Your instructions: Starting from the line that holds "- Finish: Reverse", output exactly each line through the end of the listing. Do not copy pictures.

Collected material:
§
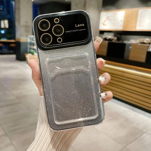 Estuche para Teléfono iPhone 15 Pro Max con Brillo Degradado Ventana Grande y Ranura para Tarjeta (Negro)
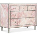 - Finish: Reverse handpainted glass in pink colors with silver legs and frame and silver finished round metal knob hardware
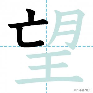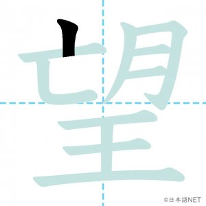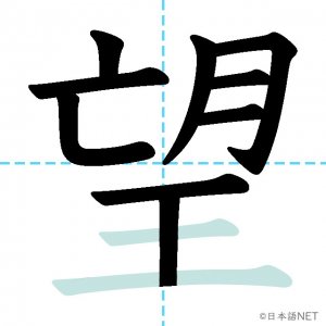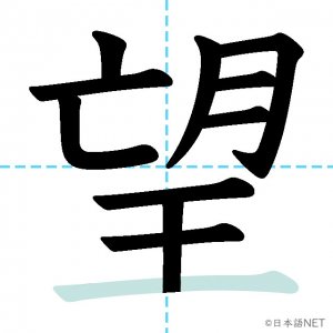 N3 漢字漢字【JLPT N3漢字】「望」の意味・読み方・書き順 2021年1月19日 2021年1月19日 Facebook postはてブLINEPocketFeedlyfa-exclamation-triangle記事内に商品プロモーションが含まれる場合があります目次1 「望」の漢字について2 「望」の書き順3 「望」を含む言葉4 関連書籍「望」の漢字について読み方音読みぼう もう訓読みのぞ-む意味to hope / to desire,部首月画数11JLPTレベルN3 「望」の書き順1画目2画目3画目4画目5画目6画目7画目8画目9画目10画目11画目「望」を含む言葉望む(のぞむ)希望(きぼう)失望(しつぼう)志望(しぼう)望遠鏡(ぼうえんきょう)絶望(ぜつぼう)人望(じんぼう)切望(せつぼう)待望(たいぼう)展望(てんぼう)信望(しんぼう)関連書籍 新完全マスター漢字 日本語能力試験N3 Amazon 楽天市場 Yahooショッピング 日本語総まとめ N3 漢字 (「日本語能力試験」対策) Nihongo Soumatome N3 Kanji Kindle Amazon 楽天市場 Yahooショッピング 日本語を学ぶ外国人のための これで覚える! 漢字字典2500ナツメ社 Amazon 楽天市場 Yahooショッピング Facebook postはてブLINEPocketFeedly
§
Answer section:
 - Finish: Reverse handpainted glass in pink colors with silver legs and frame and silver finished round metal knob hardware
 N3 漢字漢字【JLPT N3漢字】「望」の意味・読み方・書き順 2021年1月19日 2021年1月19日 Facebook postはてブLINEPocketFeedlyfa-exclamation-triangle記事内に商品プロモーションが含まれる場合があります目次1 「望」の漢字について2 「望」の書き順3 「望」を含む言葉4 関連書籍「望」の漢字について読み方音読みぼう もう訓読みのぞ-む意味to hope / to desire,部首月画数11JLPTレベルN3 「望」の書き順1画目2画目3画目4画目5画目6画目7画目8画目9画目10画目11画目「望」を含む言葉望む(のぞむ)希望(きぼう)失望(しつぼう)志望(しぼう)望遠鏡(ぼうえんきょう)絶望(ぜつぼう)人望(じんぼう)切望(せつぼう)待望(たいぼう)展望(てんぼう)信望(しんぼう)関連書籍 新完全マスター漢字 日本語能力試験N3 Amazon 楽天市場 Yahooショッピング 日本語総まとめ N3 漢字 (「日本語能力試験」対策) Nihongo Soumatome N3 Kanji Kindle Amazon 楽天市場 Yahooショッピング 日本語を学ぶ外国人のための これで覚える! 漢字字典2500ナツメ社 Amazon 楽天市場 Yahooショッピング Facebook postはてブLINEPocketFeedly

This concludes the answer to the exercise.